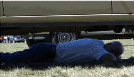
Mid-day nap in the shade
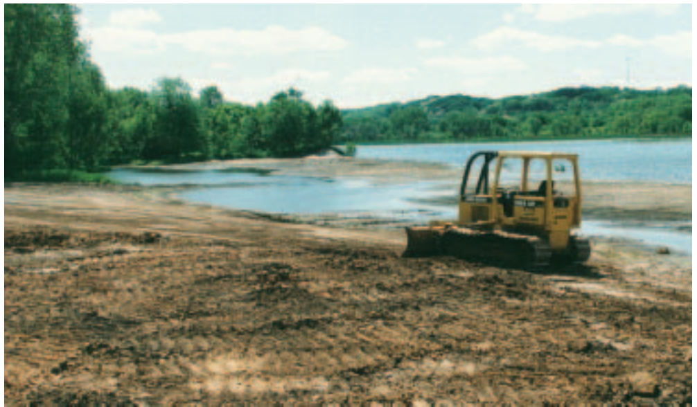
Bulldozer removing contaminated sediment from Nahant marsh.

The cleanup plan developed by the Service and EPA required the removal of the layer of marsh bottom sediments and shoreline soils that contained lead shot. This carefully planned removal of sediments was designed to leave the wetlands functioning properly. In addition, the depth of the marsh and shape of the shoreline were designed to enhance the value of the habitat for aquatic species and promote reestablishment of cattails and sedges.

- What you are asked to do:
Every line of the data above is to be repeated exactly; the images are to be left out.

- Response:
Mid-day nap in the shade
Bulldozer removing contaminated sediment from Nahant marsh.

The cleanup plan developed by the Service and EPA required the removal of the layer of marsh bottom sediments and shoreline soils that contained lead shot. This carefully planned removal of sediments was designed to leave the wetlands functioning properly. In addition, the depth of the marsh and shape of the shoreline were designed to enhance the value of the habitat for aquatic species and promote reestablishment of cattails and sedges.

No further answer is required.